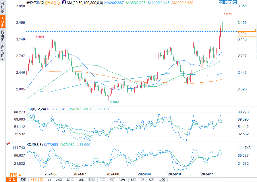 在上行路上,阻力位包括200日移动均线3.332美元和10月高点3.573美元。价格走势表明,市场即将形成收盘价反转顶部,这通常是短期回调的前兆。这一转变反映了交易员的情绪,即在供应强劲的情况下,价格可能已经消化了即将到来的寒冷天气。
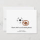 Eine coole sportliche Geburtstagsfeier. Ein blau-weißer Fußball und ein brauner Lederfußball-Akzent laden zum Verweilen ein. Passen Sie Ihre persönlichen Daten nach Ihren Wünschen an.
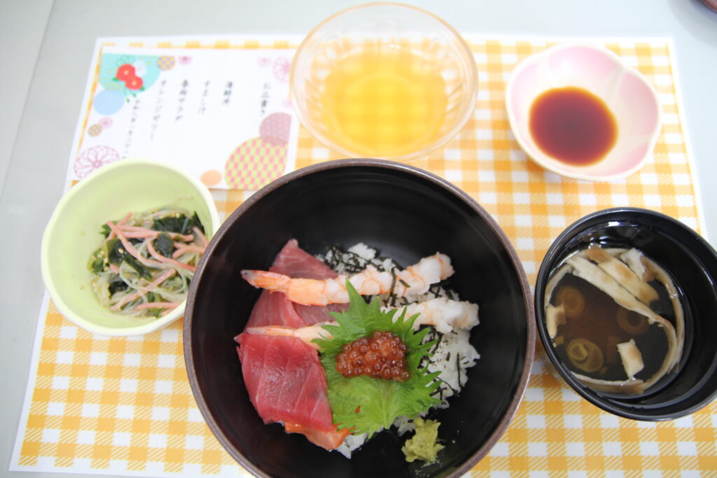 今月の行事食は海鮮丼をお出ししました。
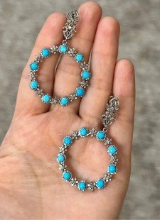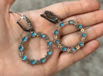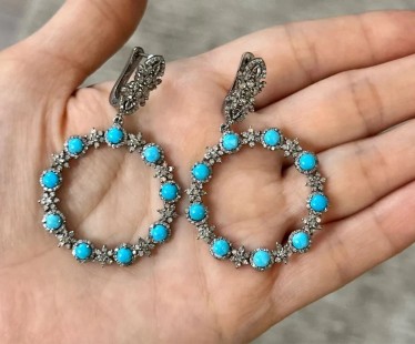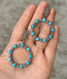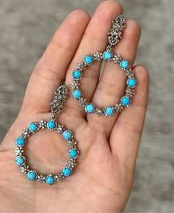 925 Gümüş, Doğal Turkuaz v Elmas Sallantılı Küpe
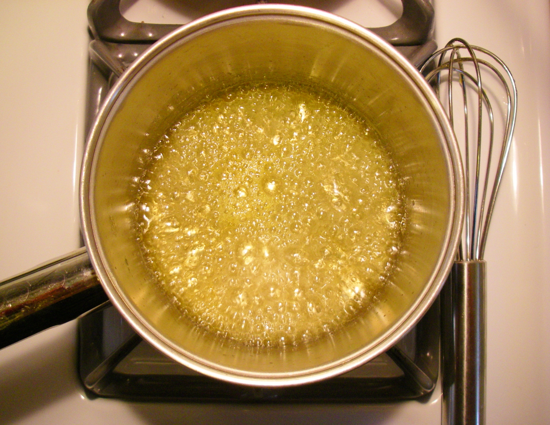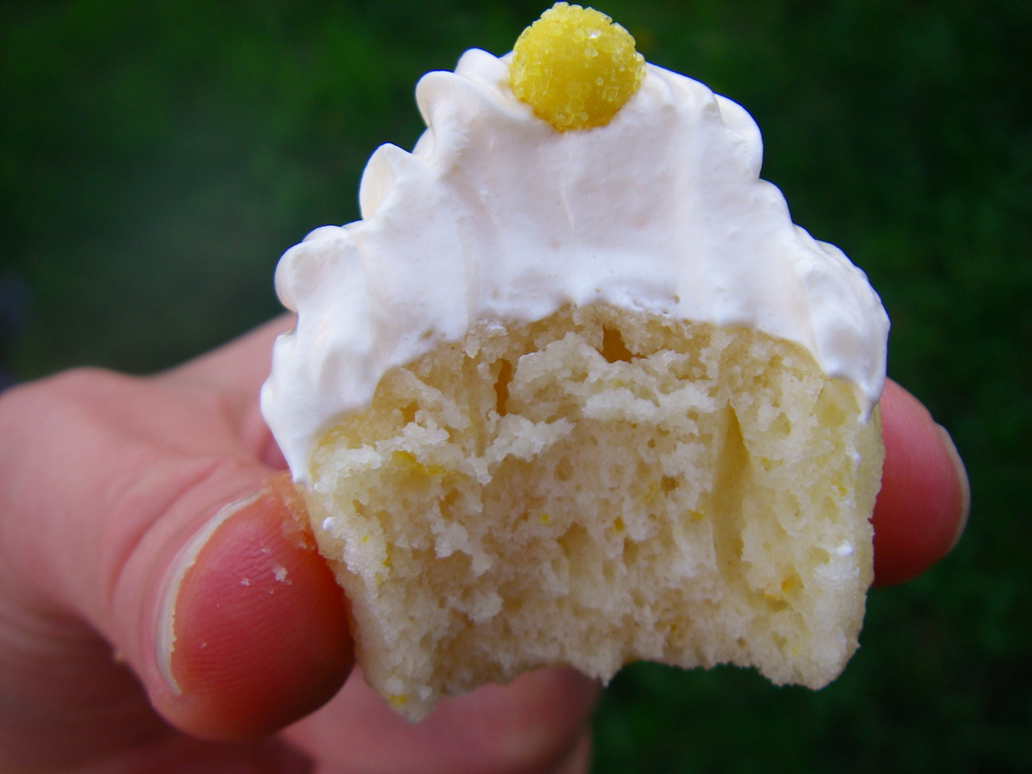 Remove from heat immediately, and with egg white mixture beating, slowly pour the syrup into the whites. Keep beating on high until bowl is no longer warm, but is room temperature to the touch; this should take about 8-10 minutes. If desired, add a drop or two of orange food coloring toward end of beating process. Before frosting gets too dry, pipe or pile it onto cooled cupcakes and top each one with a candied mimosa flower. These cupcakes taste best at room temperature, but keep them chilled if not eating within 8 hours or so.
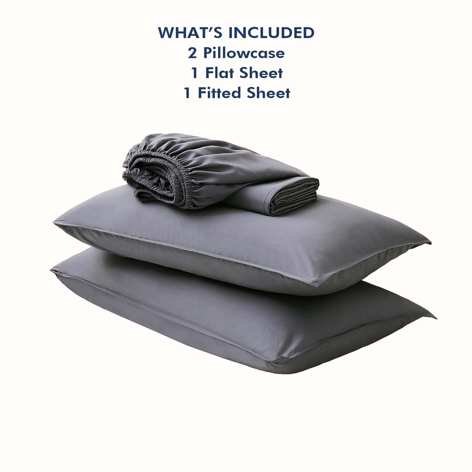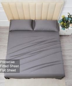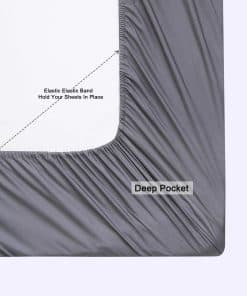Nuestro juego de sábanas está hecho de Rayon, fibra de 155 gramos por metro cuadrado, lo que te brinda un tacto ultra suave y fresco y te hace enamorarte de él. ¡Estas sábanas frías son perfectas para personas que tienden a calentarse mientras duermen, manteniéndolas frescas en verano y cálidas en invierno! Además, absorben la humedad y el sudor, ¡evitando que sudes! Las sábanas son certificadas por OEKO-TEX Standard 100, libres de sustancias y materiales dañinos. La sábana ajustable tiene bolsillos profundos con correas elásticas alrededor que son adecuados para colchones de hasta 38.1 cm de altura, brindando la combinación ideal de funcionalidad y calidad.
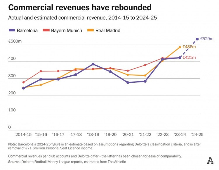 增长仍在延续。巴萨将PSL收入计入商业项,但即便视其为一次性收益剔除,按德勤口径估算,其商业营收可能仍冲破 5亿欧元。
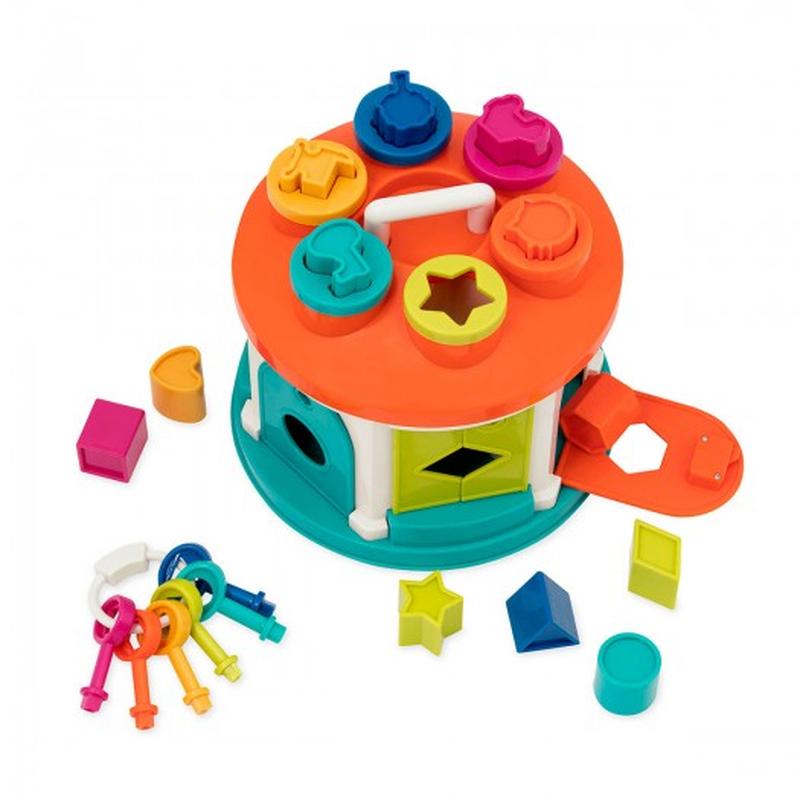 Развивающая игрушка-сортер - УМНЫЙ ДОМИК предоставляет много возможностей для игры и развития ребенка. В набор входят 12 фигурок разных форм и цветов, которые нужно правильно подобрать к соответствующим отверстиям. Находятся ли эти отверстия на крыше домика или в боковых окошках, предстоит выяснить малышу. К примеру, предложите ребенку найти правильное отверстие для фигурки котенка, а потом – подобрать ключик к дверце, за которой он прячется. Подбирать разноцветные ключики по форме и цвету, чтобы открыть дверцы, будет интересно, а также полезно для развития мелкой моторики и логики ребенка. Фигурки и ключики удобно хранить внутри домика. Домик удобно брать за ручку и нести туда, куда нужно маленькому исследователю. Малыша ждет множество заданий и веселых игр!
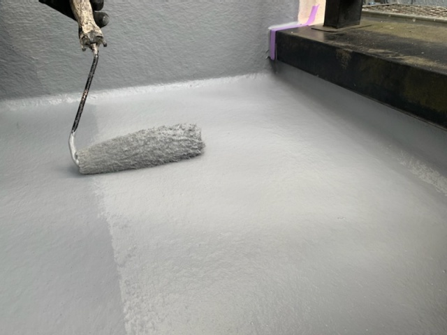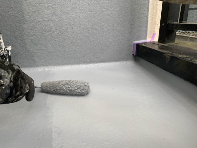 皆さんのベランダでよく使用されておりますFRP防水は硬化が早く、上手くいくと1日で施工が完了します。
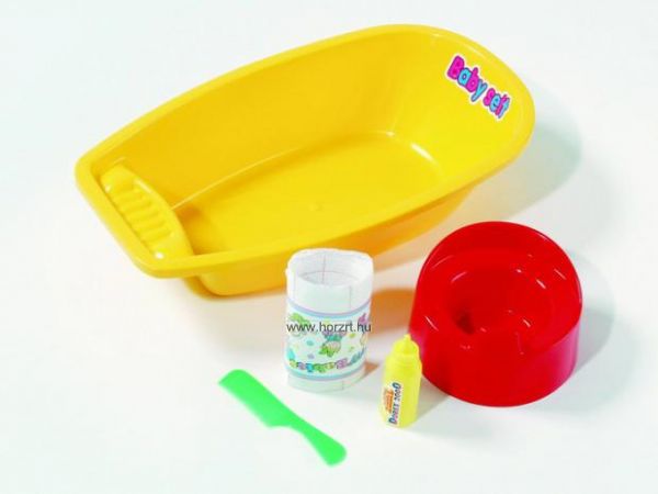 A szett tartalma: 1 db babakád, 1 db babafésű, 1 db cumisüveg, 1 db játékbili, 1 db textil törülköző
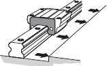 2.把LM軌道輕放在底座上后,不要完全鎖緊裝配螺 栓使LM軌道與安裝面輕輕地靠緊。(底座的橫向基 準(zhǔn)面要與LM軌道有標(biāo)記線的一側(cè)對上。) 注) 請使用干凈的裝配螺栓來固定LM滾動導(dǎo)軌。 同時,在將裝配螺栓插入LM軌道的安裝孔時,要先 確認(rèn)螺栓孔是否吻合 ,不吻合則會降低精度。 |
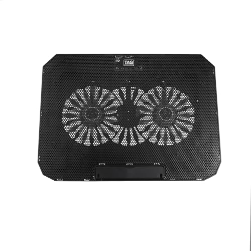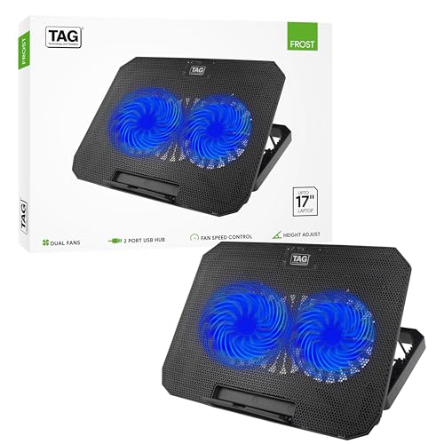 TAG - وسادة تبريد للاب توب فروست من تاج، مراوح ليد زرقاء مزدوجة مثبتة مسبقا 14 سم تأتي مع تحكم في السرعة لتبريد مثالي، وسادة مع منفذي USB و8 مستويات لضبط الارتفاع، دعم لاب توب حتى 17 بوصة
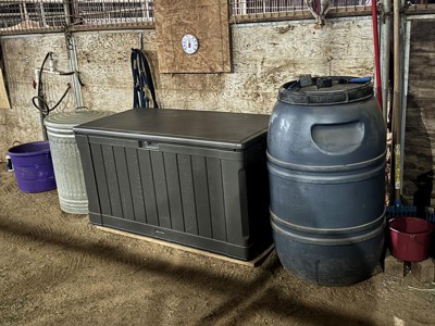 We bought this deck box about 3 weeks ago. We love it! It is a great place for all the garden hoses, and other miscellaneous yard equipment. Highly recommend!
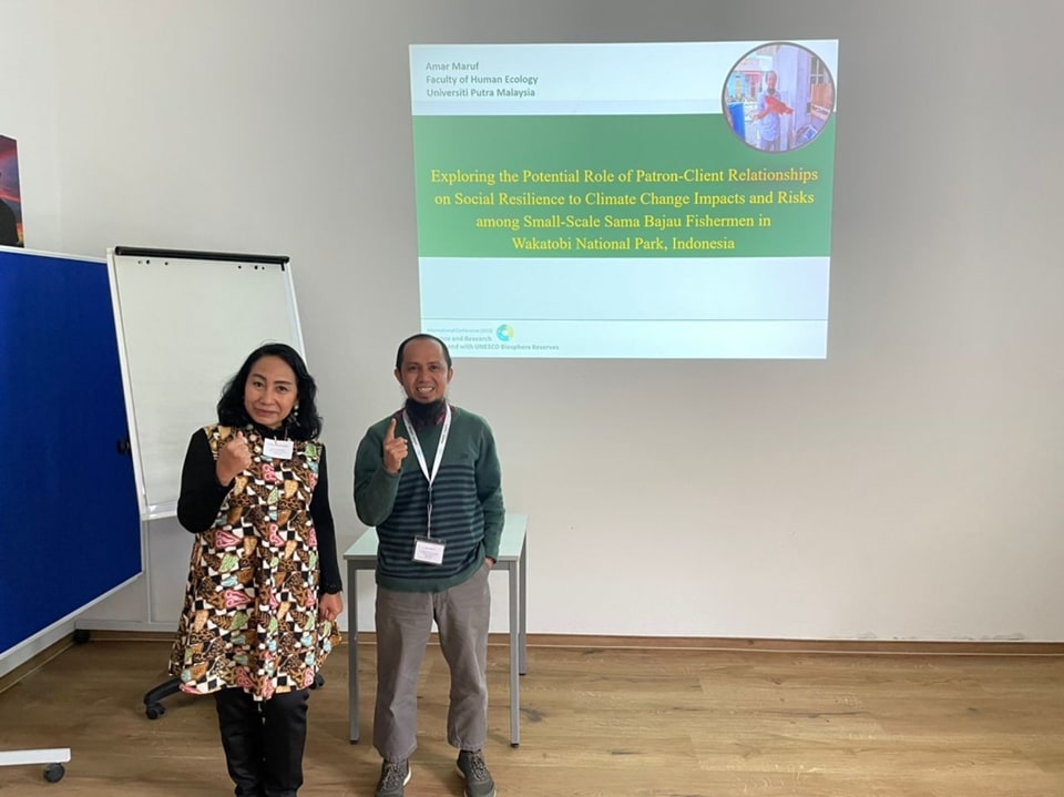 Amar presented his PhD research on Exploring the Potential Role of Patron-Client Relationship on Social Resilience to Climate Change Impacts and Risks among Small Scale Sama Bajau Fishermen in Wakatobi National Park, Indonesia. The study tackled the perceived impacts and risks of climate change, the forms of patron-client relationships among the fishers, the relationships' roles on the Bajau fishers' social resilience to climate change impacts and risks, and the social resilience of the fishermen to these impacts and risks. Amar's research results showed that the Bajau fishers perceived impact and risks on their food availability, family income, livelihood, family conflict, and their future as a maritime tribe. Furthermore, the Bajau fishers maintained their relationship with the middlemen, and strengthened their partnerships with NGOs, fisher cooperatives, marine and fisheries officials of the Wakatobi district government, and the national park authority. These established networks have assisted the Bajau fishers in coping, adapting, and transforming their lives and livelihoods under the current and potential impacts and risks of climate change. The conference organizers from the Biosphere Reserves Institute, Eberswalde University for Sustainable Development, considered Amar's research as an important input during the joint exchanges of early-career scientists.

= DIRECTIONS FOR THIS TASK =
Restate exactly, and only, the lines from the one that holds "TAG - وسادة" down to the last line of the material above. Omit the pictures.

= RESPONSE BELOW =
 TAG - وسادة تبريد للاب توب فروست من تاج، مراوح ليد زرقاء مزدوجة مثبتة مسبقا 14 سم تأتي مع تحكم في السرعة لتبريد مثالي، وسادة مع منفذي USB و8 مستويات لضبط الارتفاع، دعم لاب توب حتى 17 بوصة
 We bought this deck box about 3 weeks ago. We love it! It is a great place for all the garden hoses, and other miscellaneous yard equipment. Highly recommend!
 Amar presented his PhD research on Exploring the Potential Role of Patron-Client Relationship on Social Resilience to Climate Change Impacts and Risks among Small Scale Sama Bajau Fishermen in Wakatobi National Park, Indonesia. The study tackled the perceived impacts and risks of climate change, the forms of patron-client relationships among the fishers, the relationships' roles on the Bajau fishers' social resilience to climate change impacts and risks, and the social resilience of the fishermen to these impacts and risks. Amar's research results showed that the Bajau fishers perceived impact and risks on their food availability, family income, livelihood, family conflict, and their future as a maritime tribe. Furthermore, the Bajau fishers maintained their relationship with the middlemen, and strengthened their partnerships with NGOs, fisher cooperatives, marine and fisheries officials of the Wakatobi district government, and the national park authority. These established networks have assisted the Bajau fishers in coping, adapting, and transforming their lives and livelihoods under the current and potential impacts and risks of climate change. The conference organizers from the Biosphere Reserves Institute, Eberswalde University for Sustainable Development, considered Amar's research as an important input during the joint exchanges of early-career scientists.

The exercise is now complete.